Start of GIVEN RECORDS

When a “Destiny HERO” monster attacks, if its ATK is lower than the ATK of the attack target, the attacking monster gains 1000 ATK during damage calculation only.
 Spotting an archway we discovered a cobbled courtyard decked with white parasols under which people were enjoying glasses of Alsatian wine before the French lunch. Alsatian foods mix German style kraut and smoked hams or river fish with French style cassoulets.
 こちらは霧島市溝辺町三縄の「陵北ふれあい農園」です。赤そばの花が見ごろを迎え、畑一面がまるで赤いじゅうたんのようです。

End of GIVEN RECORDS
Start of GIVEN RECORDS

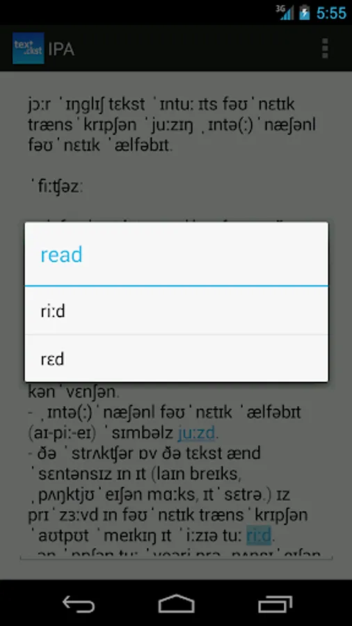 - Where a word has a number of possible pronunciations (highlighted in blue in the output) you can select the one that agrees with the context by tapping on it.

End of GIVEN RECORDS

WHAT YOU WILL DO => Look above for the line holding "Spotting an archway", then set down exactly that line and every line after it up to and including the line holding "こちらは霧島市溝辺町三縄の「", with nothing else.

YOUR SOLUTION =>
 Spotting an archway we discovered a cobbled courtyard decked with white parasols under which people were enjoying glasses of Alsatian wine before the French lunch. Alsatian foods mix German style kraut and smoked hams or river fish with French style cassoulets.
 こちらは霧島市溝辺町三縄の「陵北ふれあい農園」です。赤そばの花が見ごろを迎え、畑一面がまるで赤いじゅうたんのようです。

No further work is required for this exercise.